I find the most important qualities to be possessed by humans to be; hard work, initiative, persistency, and dedication. Anyone who pursue a career in research should be aware that research is not without challenges. However, seeking new ways to overcome any challenge that might arise during the process would be the action to take. Personally, I strive to investigate clinical questions, since you never know what you will find. Yet, you will provide contribution to the development of new knowledge, which ultimately will benefit patients.

Current research career

Since 2016, I have been involved in and leading a number of research projects, including both clinical, epidemiological, and experimental research projects. During the years, I have built an extensive network of collaborators, including senior and junior researchers from Denmark, Sweden, Iceland, Finland, Norway, Argentina, and Italy. My interest is broadly based, which is reflected in my involvement in projects within different areas.

References

  1. Kingo PS, Rasmussen TM, Jakobsen LK, Palmfeldt J, Nørregaard R, Borre M, Jensen JB. Robot-assisted laparoscopic cystectomy with intracorporeal urinary diversion vs. open mini-laparotomy cystectomy: evaluation of surgical inflammatory response and immunosuppressive ability of CO2-pneumoperitoneum in an experimental porcine study. Scandinavian Journal of Urology, 2018. DOI: 10.1080/21681805.2018.1484508.

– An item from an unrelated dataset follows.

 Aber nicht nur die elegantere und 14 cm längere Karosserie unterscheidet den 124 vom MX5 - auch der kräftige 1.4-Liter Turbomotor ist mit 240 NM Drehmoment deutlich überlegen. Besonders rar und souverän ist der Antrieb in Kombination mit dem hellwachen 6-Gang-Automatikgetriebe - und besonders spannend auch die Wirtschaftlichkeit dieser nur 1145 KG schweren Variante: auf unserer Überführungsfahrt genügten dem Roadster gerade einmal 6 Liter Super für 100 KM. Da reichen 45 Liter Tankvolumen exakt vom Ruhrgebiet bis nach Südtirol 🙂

  2. Kingo PS, Nørregaard R, Borre M, Jensen JB. Postoperative C-reactive protein concentration and clinical outcome: comparison of open cystectomy to robot-assisted laparoscopic cystectomy with extracorporeal or intracorporeal urinary diversion in a prospective study. Scandinavian Journal of Urology, 2017. DOI: 10.1080/21681805.2017.1334698.

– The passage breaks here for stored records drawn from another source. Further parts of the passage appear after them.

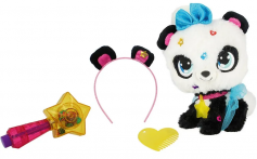 Помимо самой игрушки, к ней прилагаются 7 аксессуаров: шиммерайзер, более 200 блесток, ободок с ушками панды, расческа, браслет, резиночка для волос, бантик для волос.
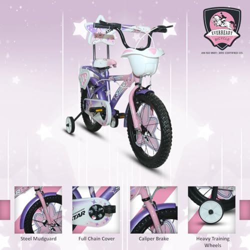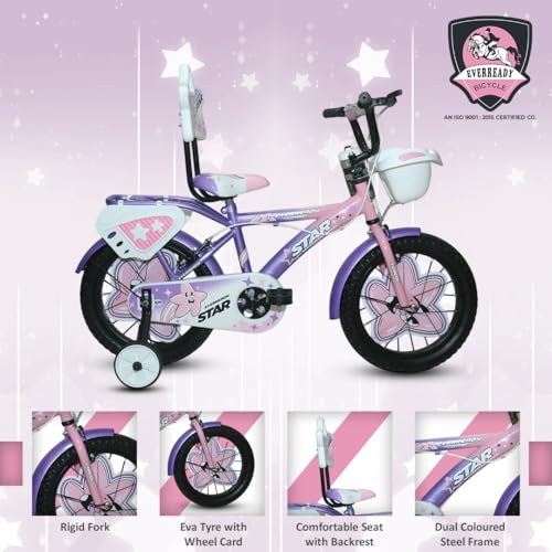 Be the first to review “EVERREADY Star Kids Bicycle – Newly Launched with Tubeless Tyres, Dual-Colored Steel Frame, Front Basket & Water Bottle (Light Pink-Purple, 16T)”
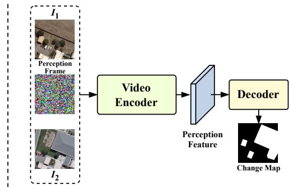 在先前研究的基础上,我们将双时相图像重新概念化为包含两个帧的微型视频。通过整合感知帧,采用视频编码器促进了变化的有效捕捉。
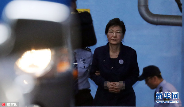 当地时间2017年10月16日,韩国首尔,韩国前总统朴槿惠在公审后戴着眼镜离开法庭。
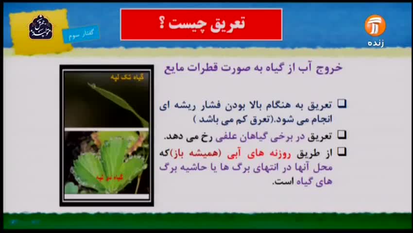 پایه دهم متوسطه(شبکه آموزش) زیست شناسی - آوند آبکش و ساختار گیاهی / 25 فروردین 1401
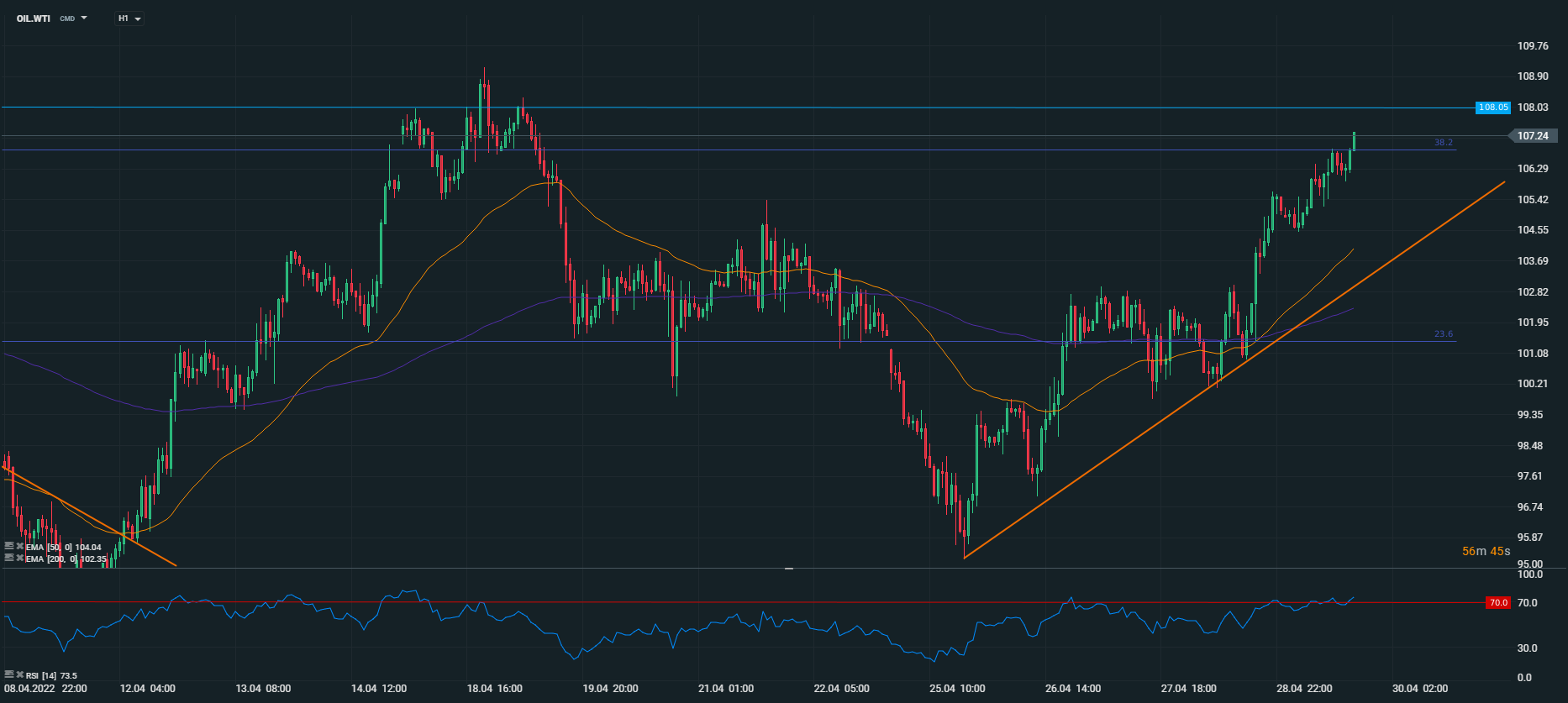 Din punct de vedere tehnic, cotația WTI se află în cadrul unei secvențe ascendente de pe 25 aprilie, când a atins un minim local la aproximativ 95,31 USD per baril. Din acel punct, traseul materiei prime nu a fost lin dar în ultima perioadă cumpărătorii au beneficiat de o accelerare a dinamicii. În prezent, prețul încearcă să depășească zona de rezistență de la aproximativ 107 USD per baril, care este susținută de o retragere Fibonacci de 38,2% din corecția suferită în perioada 8-16 martie. O închidere săptămânală deasupra acestui prag i-ar pune într-o poziție bullish pe cumpărători, care ar putea începe săptămâna viitoare cu o încercare de a extinde mișcarea către nivelul de 108 USD per baril, care este marcat de o serie de maxime locale. Acest scenariu este valid în contextul în care nu vor avea loc modificări majore ale aspectelor fundamentale în timpul weekendului.

  3. Kingo PS, Palmfeldt J, Nørregaard R, Borre M, Jensen JB. Perioperative Systemic Inflammatory Response following Robot-Assisted Laparoscopic Cystectomy vs. Open Mini-Laparotomy Cystectomy: A Prospective Study. Urol Int, 2017. DOI: 10.1159/000478274.

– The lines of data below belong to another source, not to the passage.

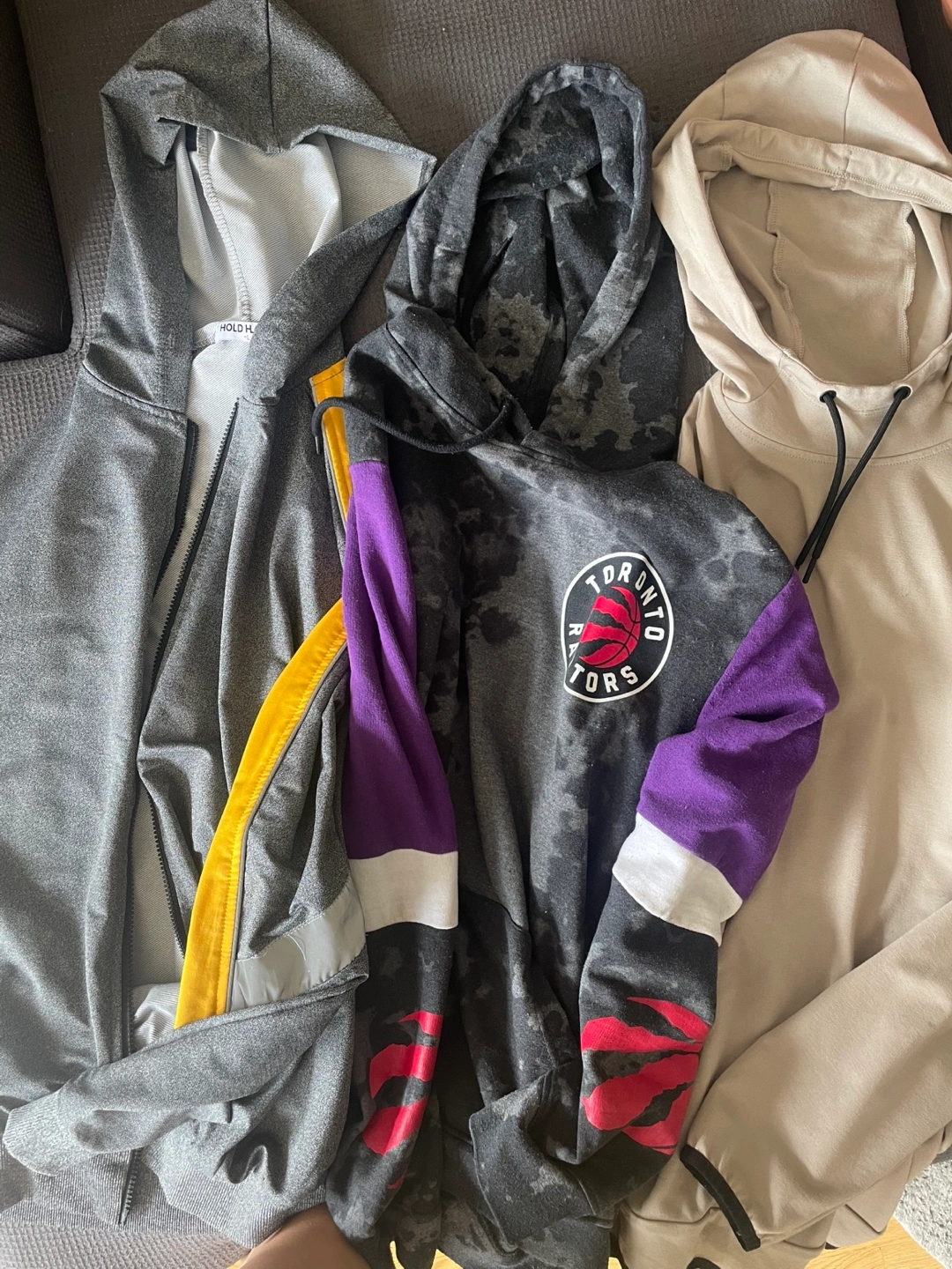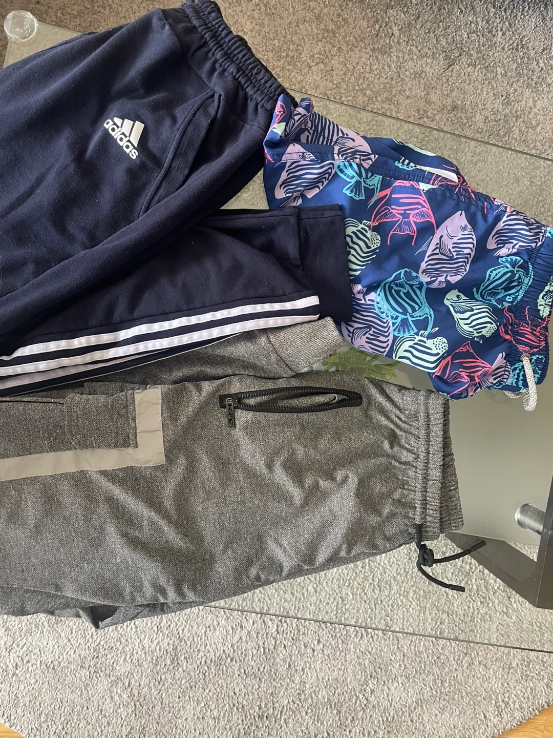 Bundle includes three pairs of boys' pants, three hoodies, and one pair of running shoes. Adidas joggers, grey sweatpants with reflective detailing, and swim trunks. Hoodies and solid colours. All $25
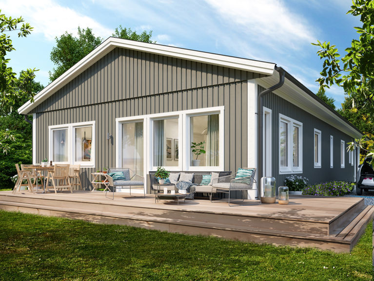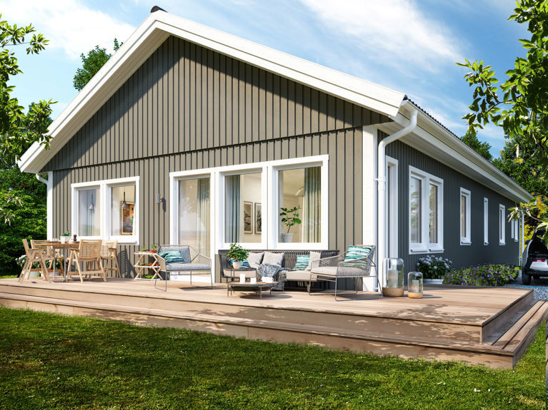 Till Alexander, liksom alla våra enplanshus, finns flera exteriöra tillval. Som vårt takpaket som består av ett tak i 19 graders lutning i en tidlös bandtäckningsmönstrad plåt.
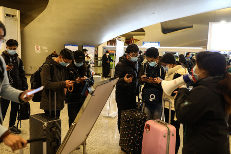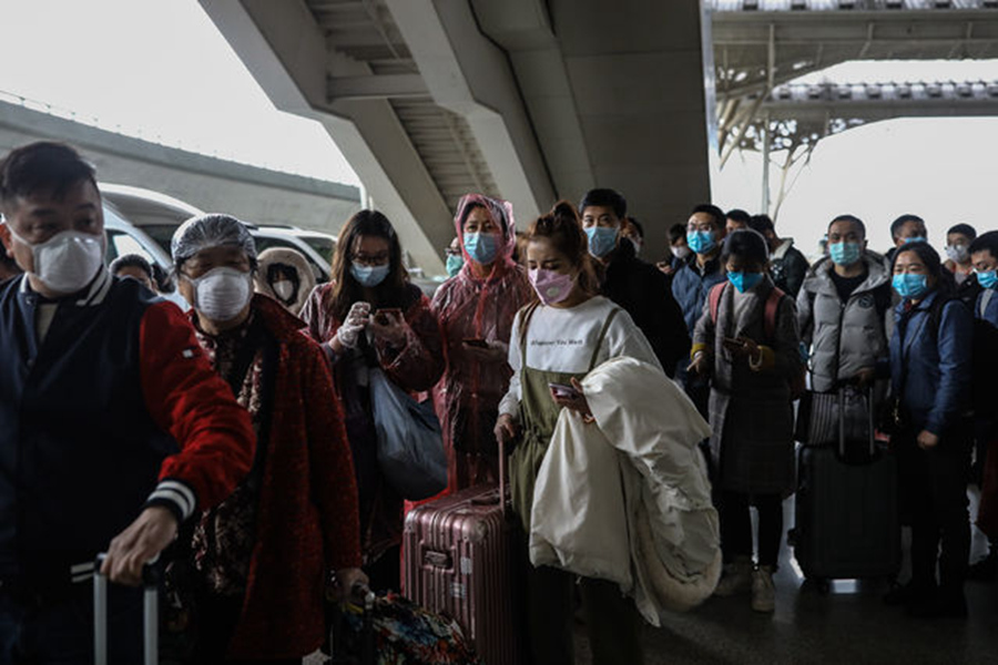3月28日,武漢火車站,從廣州南到武漢的G1112次列車乘客排隊出站。記者 趙迪/攝

  4. Kingo PS, Rasmussen TM, Nørregaard R, Borre M, Høyer S, Jensen JB. Evaluation of robot-assisted laparoscopic versus open cystectomy and effect of carbon dioxide-pneumoperitoneum on histopathological findings in ureteroenteric anastomoses: results from an experimental randomized porcine study. Scandinavian Journal of Urology, 2016. DOI: 10.1080/21681805.2016.1247294.
  5. Kaspersen AE, Hasenkam JM, Leipziger JG, Djurhuus JC. [Introduction on how to write a scientific abstract]. Ugeskr Laeger, 2019. DOI: ugeskriftet.dk/videnskab/introduktion-til-skrive-et-videnskabeligt-abstract.